Many such settlers intermarried with the local people, which is why several millions in such lands have a bit of India in their DNA, apart from magnificent monuments built by the local people who were ruled by princes from India. In Tibet, India had long possessed significant rights, as both Indians and Tibetans have many common strands in their culture and history, way more than the Tibetans ever had with China, which has occupied the land since 1950, cutting off most of Tibet into separate provinces into which were settled large numbers of people from southern China. To this day, elements of the population in provinces carved out of Tibet during the 1950s share several features with the people of India. An example is the Naxi people in Yunnan, who are matriarchal in the way segments of the population of India in the south and northeast have been.

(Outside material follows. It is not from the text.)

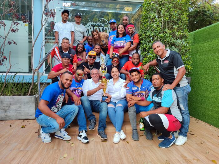 El alcalde Pedro Estrella y la Regidora Mayolin Marcelino comparten con Los Astros equipo campeón provincial de Softball Chata !! de nuestro Municipio.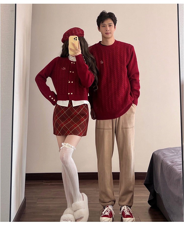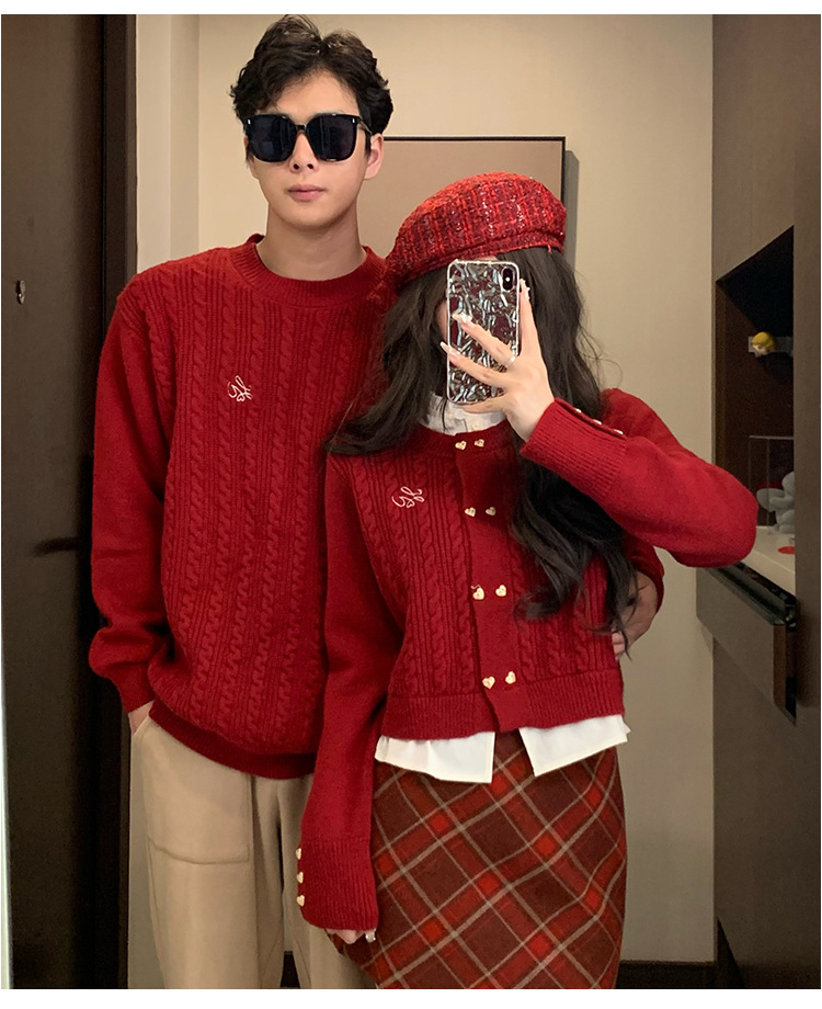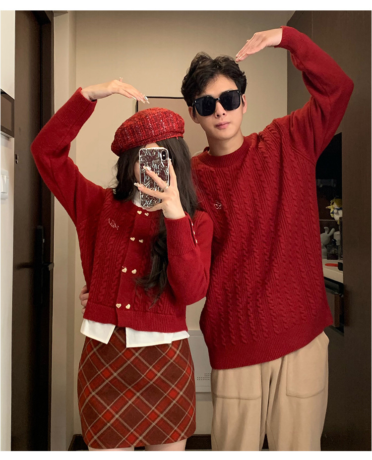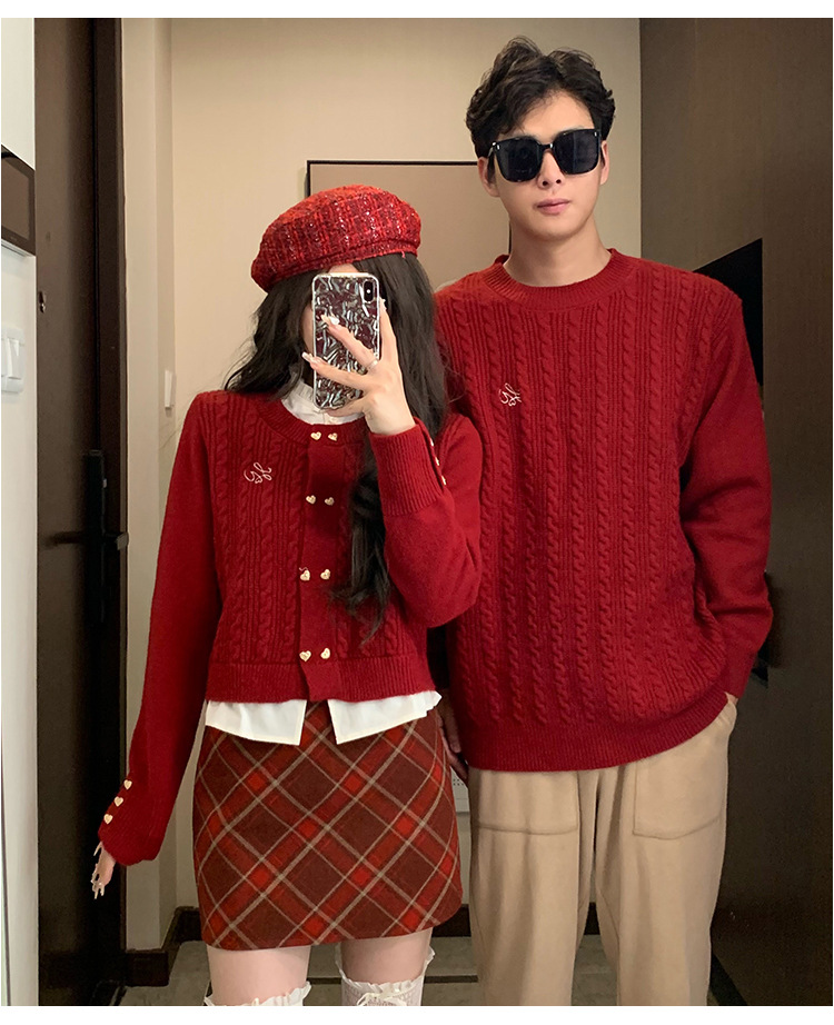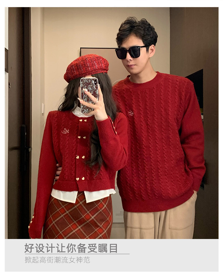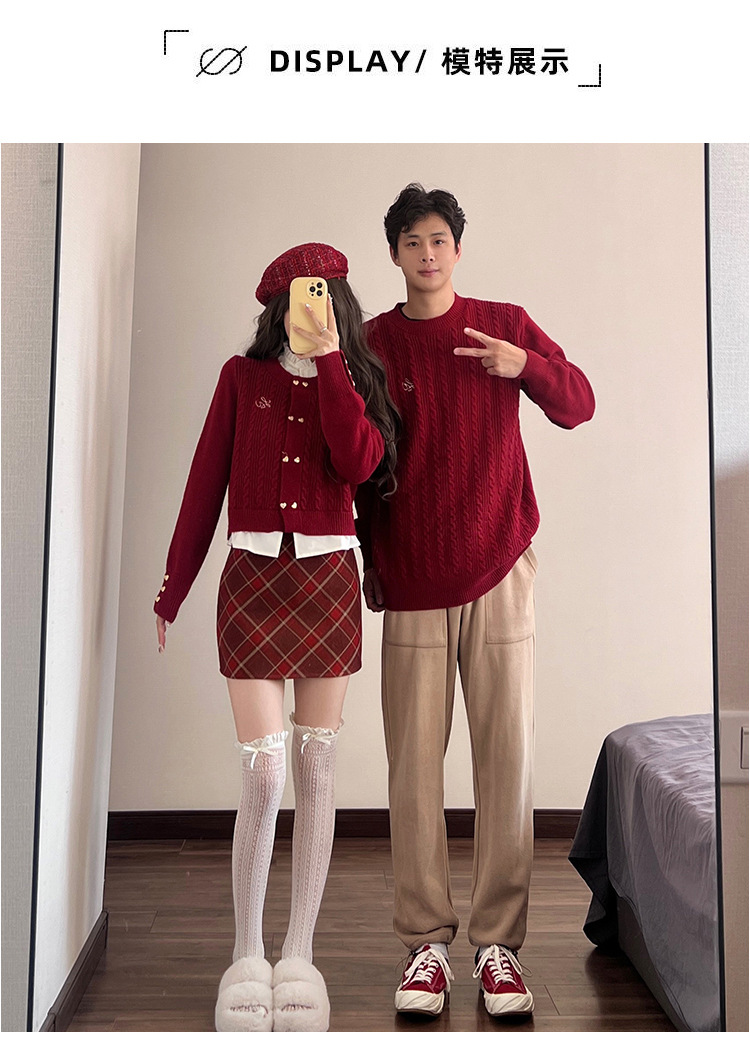 2023 년 가을 겨울 신년 크리스마스 원피스 커플 여성 가짜 투피스 스웨터 탑 니트 스웨터스토어 가기

After fiascos such as the effort at Zero Covid in 2022 and the economic damage caused by reaction in democracies to PRC efforts at hollowing out their industry and absorbing the same have made Xi unpopular and vulnerable to mass civil unrest. His confidants say that only a military victory would succeed in replenishing the popularity of Xi. Aware that a large-scale military incursion into India may prove a disaster since PM Modi became PM and showed his mettle in Doklam, Xi appears to have changed his focus to Taiwan.

The small but prosperous country famed for its technological prowess is now the target of psychological operations and kinetic encirclement intended to weaken the resolve of the island’s 26 million citizens to resist control by the PRC and making it another Hong Kong, a fully Chinese city in all but name. The name Hong Kong Special Autonomous Region has become an object of ridicule because there is zero autonomy in Hong Kong.

Since the 1990s, Beijing has sought to make Shanghai and other cities within the PRC effective competitors to Hong Kong in foreign investment, and have succeeded. By 2019, Hong Kong was drained of any administrative freedom, and any Hong Kong citizen who dares to seek to restore its past status faces a long spell in prison.

As a consequence of such repression, even those in Taiwan who favoured absorption by the PRC under the One Country Two Systems model used in Hong Kong in 1997 have become opposed to such linkages. At the same time, under President Tsai Ing-wen and now President Lai Ching-te, preparedness among Taiwanese to ward off such aggression is becoming stronger. Despite Xi warning that a vote for Lai in the last Taiwanese election would mean war with China, more than 40% of voters cast aside fear and voted for him and for the Vice-Presidential candidate Bikhim Hsiao.

As a consequence, Xi is having to devote more and more attention and effort in his effort at snuffing out the freedom of the Taiwanese people. Hence the Pause button on India. Should Taiwan fall, India will soon become the next target, as will Japan and the US military presence in much of the waters of the Pacific, which is why the US and Japan have joined Australia to form the Quad along with India. As the leadership in all target countries know full well, Taiwan is a frontline state in the defence of the Indo-Pacific, which is why helping to ensure its freedom is crucial to the security of the rim of the Indo-Pacific.